Analysis and Design of an Integrated Compact RF Driving System for PIC-Based Hybrid AOM Phase Shifters for Free Space Optical Communication

Abstract

When using Radio Frequency aboard small satellites, for high data rates, this would need large antennas, violating constraints related to size, weight, and power. As an alternative, Free Space Optical Communication (FSOC) uses laser beams, operating in the optical and infrared frequency domain, in order to transmit data through the atmosphere between satellites and ground stations. However, implementing FSOC systems on (small) satellites remains challenging. In this paper, we investigate the role of phase shifting in FSOC systems.

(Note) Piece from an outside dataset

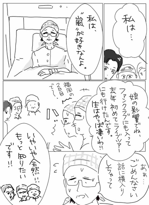 松本さん、普段は静かに本を読んだり音楽を聴いたりしてたそう。ガッツリ話したのはこの時が初めてだと言ってました。「嵐にする」とは。よくあるテレビの企画とかに応募するのかもよ、直接事務所に連絡するのかも、などキャーキャーと具合が悪い3人がそれも忘れて盛り上がっ
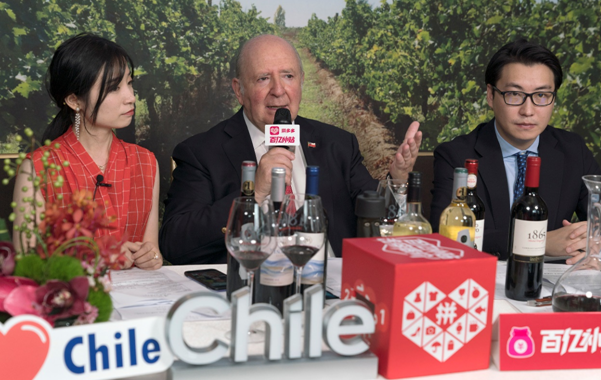 ▲智利驻华大使路易斯·施密特先生(中)与拼多多副总裁陈秋(右)一起做客“百亿补贴”官方直播间,带领消费者体验“舌尖上的智利”。(穆功 摄)

The functionality of these phase shifters is used for modulation, beam steering using optical phased arrays, and phase stabilization of the transmit and receive beams. This is where Photonic Integrated Circuit (PIC)-based platforms could offer a solution. Their extremely compact form factor makes them ideal for space applications. Phase shifters embedded within PIC-based platforms offer a known solution by allowing dynamic manipulation of the phase of light. A specific setup, namely the use of hybrid AOMs, looks promising as other phase shifting techniques can suffer from several issues, such as being thermal sensitive, having non-linear effects and possible material degradation in the long-Term. As these devices come with their own challenges, this work identifies these shortcomings and focuses on the analysis and design of an efficient low-power miniaturized RF driving system, in combination with the design of an efficient hybrid AOM setup for phase shifting in a PIC environment.